Looking at when and in what contexts tobacco speaks helps to turn the tables on a substance which is archetypally ‘hidden in plain sight’, omnipresent, diffuse and elusive. As Miller (2009: 50) suggests of things more generally, ‘the less we are aware of them, the more powerfully they can determine our expectations … They determine what takes place to the extent that we are unconscious of their capacity to do so.’ Part of its ambivalence lies in the power vested or contained within its diverse contextual worlds – the ‘real and divine energy’ attributed to smoking in Victorian England (Machen, 1884: 122), its status as ‘king’ in a Papua New Guinea prison (Reed, 2007), a substance that has generated its very own global health treaty (Russell et al., 2015). How could a mere plant have come to assume such a contested role in global affairs? Dependency is multifaceted. Persons (growers, manufacturers, users, controllers and researchers), corporations and states alike are proof that, rather than an inert and passive player in the global assemblages of which it is part, tobacco has exerted a strong degree of material agency in the relationships it has forged with humanity.
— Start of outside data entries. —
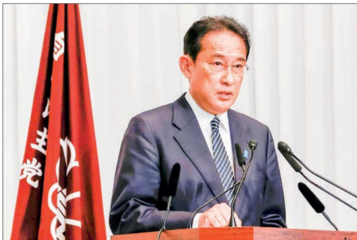
Fumio Kishida, Japan's prime minister, is set to resign at the end of his ruling party's presidential term in September, largely due to his failure to dissolve the House of Representatives at a strategic moment.

Kishida aimed to bolster his political standing and secure a long-term government for his conservative Liberal Democratic Party (LDP), but a series of scandals, including undisclosed income from fundraising parties, led to a significant drop in his approval ratings to around 20 per cent.
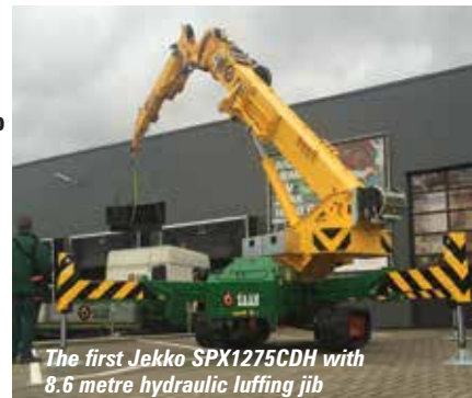
The first Jekko SPX1275CDH with 8.6 metre hydraulic luffing jib

Capacity on the jib is 1.5 tonnes. The crane is powered by an Isuzu diesel and a 400v electric motor for working indoors or in noise sensitive environments. Pick & carry/free on tracks capacity is two tonnes through 360 degrees.
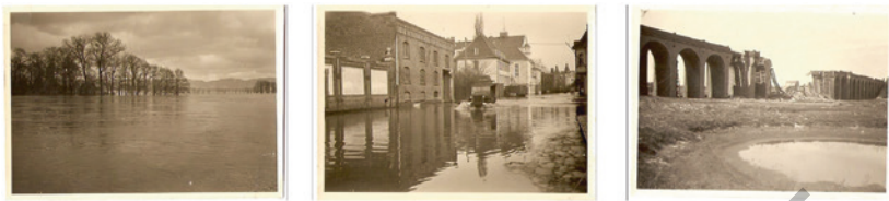
Fig. 3.3
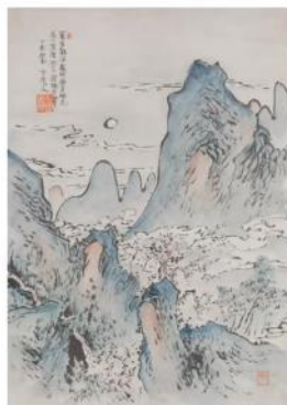
Moon over Azure Mountains, January 1899 Bachmann Eckenstein Japanese Art, Switzerland
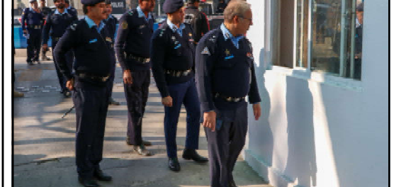
Police Officer (ICCP) Dr. Akbar Nasir Khan conducted a visit to the Diplomatic Enclave to assess security arrangements, monitored safe city cameras and issued directives for enhancing security measures, a public relation officer said.

routes of the diplomatic enclave, the ICCPO stressed the importance of ensuring effective surveillance through the Safe City centralized camera systems. The Islamabad Capital Police remains steadfast in its commitment to maintaining a peaceful environment and ensuring the protection of the lives and property of the citizens within the federal capital. Citizens are urged to cooperate with the police and report any suspicious activities or items by dialing helpline.
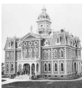
Calhoun Co., Michigan Location: Marshall

Spinoza accords a more active, Latourian view to the non-human: ‘nature … is a place wherein bodies strive to enhance their power of activity by forging alliances with other bodies in their vicinity’ (Bennett, 2004: 353) and Geismar (2011: 213) is right in asserting that, to have agency, things ‘must be entangled within social relations and indeed within our own humanity’. A plant like tobacco has neither spread nor perpetuated itself unaided. The processing of tobacco (by various industrial and non-industrial means) into a range of consumable items – cigarettes, roll-ups, cigars, pipe tobacco, snuff, chewing tobacco, gutka, tobacco paste, etc., etc. – creates products which are regularly used to create hybrids that I call ‘tobacco-persons’. Yates (2006: 1007), writing of a different plant product as it was used around the time that tobacco came onto the European scene, talks of ‘orange-persons’, those who give themselves over ‘to the principle of connection that is “orange”’. I would like to make a similar play for tobacco-persons, to be superseded, perhaps, by the more recent (and equally contentious) manifestation of e-cigarette users as a type of ‘nicotine-person’. Some of the talking we are going to see here comes from the pen of tobacco-persons. Adding to these voices are those of the tobacco corporations, the corporeal capitalist incarnations of their plant master who between them have carved up the world in a neo-colonial ‘irresistible empire’ (De Grazia, 2005). They are able to exert their overweening influence by acting like an individual at some times (Kirsch, 2014) and like a state at others (Russell et al., 2015). Could it be (we might speculate) that, through these means, far from following the thing, tobacco has actually been following us? In this formulation, ‘can the plant speak?’ becomes less a topic of incredulity and something with much more sinister implications for what it says (or doesn’t say) about both the plant and its human locutors.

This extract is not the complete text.